Virginity was originally a state proven by the presence of the hymen. Some cultures have “virginity tests” before marriage; if a woman was discovered lacking her hymen, she was disgraced. However, because the hymen can often be broken by physical activity like horseback riding, this is hardly the most accurate test. Even if she had had sexual intercourse before marriage, could she still be considered a virgin? Maybe. But you shouldn’t be asking her hymen. You should be asking her.
The standard definition of a virgin is one who has not experienced penile-vaginal intercourse. This obviously brings up a host of problems. Suppose you are gay and have no desire to have that kind of sex? Are you doomed to eternal virginity? Or maybe you are a gay person who has had that kind of sex, but found it boring, unfulfilling, and maybe even distasteful? Can you no longer consider yourself a virgin? It seems unfair to define such an important concept with a sex act that not everyone enjoys.
Some have expanded the definition of virginity loss to include any kind of penetrative intercourse. This helps the gay men who enjoy anal sex, but what about the lesbians? Defining virginity by penetration is very phallocentric and, quite honestly, sexist. With the exception of strap-ons, lesbians are not capable of intercourse. Is a lesbian woman doomed to eternal virginity because she only likes to do the kind of sex acts that others consider merely “foreplay”? No person, regardless of gender or orientation, should be forced to limit their view of virginity to a particular kind of sex act.

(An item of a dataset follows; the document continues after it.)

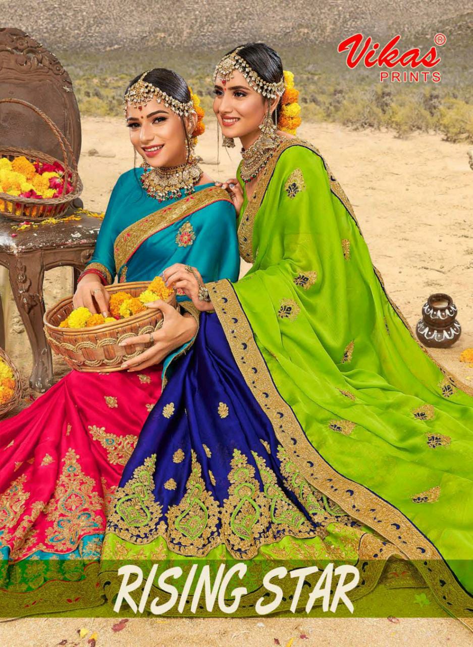 Rising Star By Vikas Prints Satin Chiffon Functional Wear Designer Rich Look Saree Trader

When faced with these limiting, heteronormative, and sexist definitions, some have chosen to expand what constitutes virginity, perhaps too far. According to this view, one has lost their virginity if they have had any sexual experience. With this definition, every sexual act can result in the loss of virginity. This makes every sex act of equal value, denying the significance that people place on specific actions. The problem with the traditional definitions is not that they focus on one act, but that they focus on an act that does not hold meaning for everybody.
When the traditional definitions of virginity fail us, we have two options. We can decide that virginity is pointless and we should stop thinking about it so much. But this fails to recognize the importance that many people place on the label, and the significant role it plays in their social development.
The second option is much more fun. We can come up with our own definition. This is mine:
Virgin: A person who has not participated in the most personally significant sex act they wish to participate in.
What this definition means is that you get to decide what act signifies the loss of your virginity. Maybe it’s performing oral sex on a woman. Maybe it’s receiving anal sex from a man. Perhaps it’s simply causing someone else’s orgasm, or having an orgasm caused by someone else. My view is that people should take ownership of their own virginity, based on their own desires. As a gay man, if I were to have sex with a woman, I would still consider myself a virgin. As a gay man who thinks of himself as a bottom, if I were to penetrate a man, I would still be a virgin. This is because being penetrated is my “most significant sex act.”
Whenever I present this definition to someone, one worry inevitably comes up. When someone identifies a virgin under this definition, they still might have sexual experience, and that could imply dishonesty. This just brings to light one very important fact: sex is complicated. You cannot sum up your entire sexual history with one word, and the world is not cleanly split into virgins and non-virgins. Understanding someone’s sexual history requires a conversation, not a yes or no question.
Also worth noting about this definition is the requirement for participation. If you were forced into your “most significant sex act” before having the opportunity to choose it for yourself, then you are still a virgin. No one can take away your virginity. It is yours to keep and yours to give. It cannot be stolen.
I am a virgin. I have sexual experience. I have been naked with a man. I have given pleasure, and I have received it. But because I have not participated in my “most significant sex act” I am a virgin. Regardless of your level of sexual experience, you could be a virgin. Virginity is lost when you participate in whatever sexual act holds the most personal significance for you. If you haven’t done this, then I invite you to consider yourself a virgin. Embrace it, and fully enjoy the experience and choice of giving it away.